White Wine From Colorado?
This lean, clean gewürztraminer gives a new meaning to the phrase 'Rocky Mountain high'
Had any good West Elks vino lately? West Elks is an AVA (officially designated American Viticultural Area) in Delta County, Colo., high in the Rocky Mountains, about 35 miles southeast of Grand Junction. Vineyards in the region grow at an average altitude of about 6,000 feet, making them the highest in the Northern Hemisphere.

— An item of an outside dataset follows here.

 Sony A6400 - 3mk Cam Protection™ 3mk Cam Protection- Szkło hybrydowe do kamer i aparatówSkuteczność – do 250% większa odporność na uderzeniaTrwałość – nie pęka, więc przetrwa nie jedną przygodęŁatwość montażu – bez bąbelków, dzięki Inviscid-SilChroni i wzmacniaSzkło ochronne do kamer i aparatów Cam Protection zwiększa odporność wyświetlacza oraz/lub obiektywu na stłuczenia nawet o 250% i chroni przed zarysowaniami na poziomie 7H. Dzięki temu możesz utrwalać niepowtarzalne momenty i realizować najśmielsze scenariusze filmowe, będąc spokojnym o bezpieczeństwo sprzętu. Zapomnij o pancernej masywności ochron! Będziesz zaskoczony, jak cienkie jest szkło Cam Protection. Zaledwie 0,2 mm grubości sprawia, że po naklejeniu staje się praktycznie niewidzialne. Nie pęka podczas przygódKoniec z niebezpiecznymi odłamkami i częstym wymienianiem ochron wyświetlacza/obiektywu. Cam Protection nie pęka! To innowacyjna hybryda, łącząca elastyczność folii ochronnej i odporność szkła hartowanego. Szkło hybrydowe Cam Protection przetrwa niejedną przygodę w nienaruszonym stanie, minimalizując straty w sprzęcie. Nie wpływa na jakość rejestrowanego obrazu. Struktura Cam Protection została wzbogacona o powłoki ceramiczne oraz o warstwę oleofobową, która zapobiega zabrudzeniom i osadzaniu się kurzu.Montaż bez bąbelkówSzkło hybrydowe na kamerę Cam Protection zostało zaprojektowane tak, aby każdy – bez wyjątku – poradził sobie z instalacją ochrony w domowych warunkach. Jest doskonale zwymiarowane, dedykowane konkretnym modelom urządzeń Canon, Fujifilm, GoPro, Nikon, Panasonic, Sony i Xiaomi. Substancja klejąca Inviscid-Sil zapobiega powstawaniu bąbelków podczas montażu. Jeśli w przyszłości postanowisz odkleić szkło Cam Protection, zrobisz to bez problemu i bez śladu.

Grapes have been grown in the state since the 19th century, but the small Colorado wine industry didn't survive Prohibition. Modern winemaking there dates from the 1960s, and today Colorado boasts about 100 wineries. Some Franco-American hybrid varieties, like seyval blanc, Marechal Foch, and chambourcin, are grown, but most of the plantings are of familiar European cultivars — chardonnay, cabernet sauvignon (and franc), sauvignon blanc, syrah, and so on.
Colorado wines are difficult if not impossible to find outside their home territory, but I did come into possession recently of a bottle of the rather dauntingly named Terror Creek West Elks Garvin Mesa Dry Gewürztraminer 2009. At 6,417 feet of elevation, Terror Creek claims to be the highest-altitude commercial winery and vineyard in the world. Winemaker Joan Mathewson, who owns Terror Creek with her husband, John, learned the vintner's art in Switzerland, itself home to many high-altitude vineyards. She specializes in Alsatian-style riesling, gewürztraminer, and pinot noir (the winery also produced a chardonnay and a pinot noir–gamay noir blend).
The gewürztraminer I tasted was good stuff — crisp, clean, brightly acidic, surprisingly high in alcohol for a high-altitude wine (14.5 percent), and as dry as promised. That said, it was shy with the traditional gewürztraminer aromatics, and not as rich as good examples of its Alsatian counterparts, but it was attractive enough to make me want to sample more Colorado wines, from Terror Creek and elsewhere.